I had a try locally based on Chris's work, allowing order 0 to use
nonfull_clusters as Ying has suggested, and starting with low order
and increase the order until nonfull_cluster[order] is not empty, that
way higher order is just better protected, because unless we ran out
of free_cluster and nonfull_cluster, direct scan won't happen.
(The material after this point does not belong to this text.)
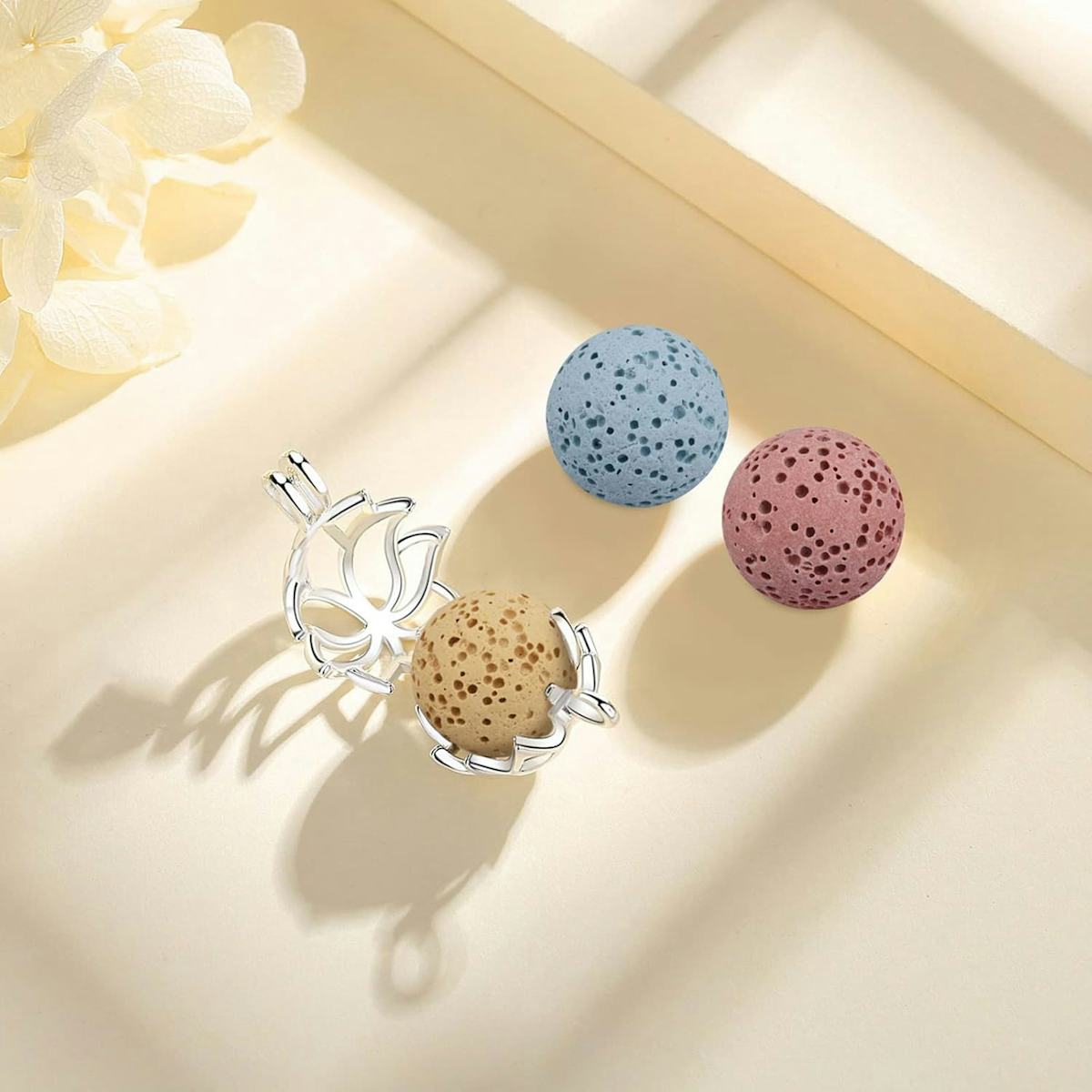 This diffuser necklace is a charming mix of style and aromatherapy. The small lotus flower pendant sits on a 24-inch snake chain, paired with seven lava rock stones that add a subtle, earthy vibe. Simply open the locket when you want to switch out a rock, and add one to three drops of your favorite essential oil.

More concretely, I applied the following changes, which didn't change
the code much:
- In scan_swap_map_try_ssd_cluster, check nonfull_cluster first, then
free_clusters, then discard_cluster.
- If it's order 0, also check for (int i =3D 0; i < SWAP_NR_ORDERS; ++i)
nonfull_clusters[i] cluster before scan_swap_map_try_ssd_cluster
returns false.

A quick test still using the memtier test, but decreased the swap
device size from 10G to 8g for higher pressure.

Before:
hugepages-32kB/stats/swpout:34013
hugepages-32kB/stats/swpout_fallback:266
hugepages-512kB/stats/swpout:0
hugepages-512kB/stats/swpout_fallback:77
hugepages-2048kB/stats/swpout:0
hugepages-2048kB/stats/swpout_fallback:1
hugepages-1024kB/stats/swpout:0
hugepages-1024kB/stats/swpout_fallback:0
hugepages-64kB/stats/swpout:35088
hugepages-64kB/stats/swpout_fallback:66
hugepages-16kB/stats/swpout:31848
hugepages-16kB/stats/swpout_fallback:402
hugepages-256kB/stats/swpout:390
hugepages-256kB/stats/swpout_fallback:7244
hugepages-128kB/stats/swpout:28573
hugepages-128kB/stats/swpout_fallback:474

After:
hugepages-32kB/stats/swpout:31448
hugepages-32kB/stats/swpout_fallback:3354
hugepages-512kB/stats/swpout:30
hugepages-512kB/stats/swpout_fallback:33
hugepages-2048kB/stats/swpout:2
hugepages-2048kB/stats/swpout_fallback:0
hugepages-1024kB/stats/swpout:0
hugepages-1024kB/stats/swpout_fallback:0
hugepages-64kB/stats/swpout:31255
hugepages-64kB/stats/swpout_fallback:3112
hugepages-16kB/stats/swpout:29931
hugepages-16kB/stats/swpout_fallback:3397
hugepages-256kB/stats/swpout:5223
hugepages-256kB/stats/swpout_fallback:2351
hugepages-128kB/stats/swpout:25600
hugepages-128kB/stats/swpout_fallback:2194

High order (256k) swapout rate are significantly higher, 512k is now
possible, which indicate high orders are better protected, lower
orders are sacrificed but seems worth it.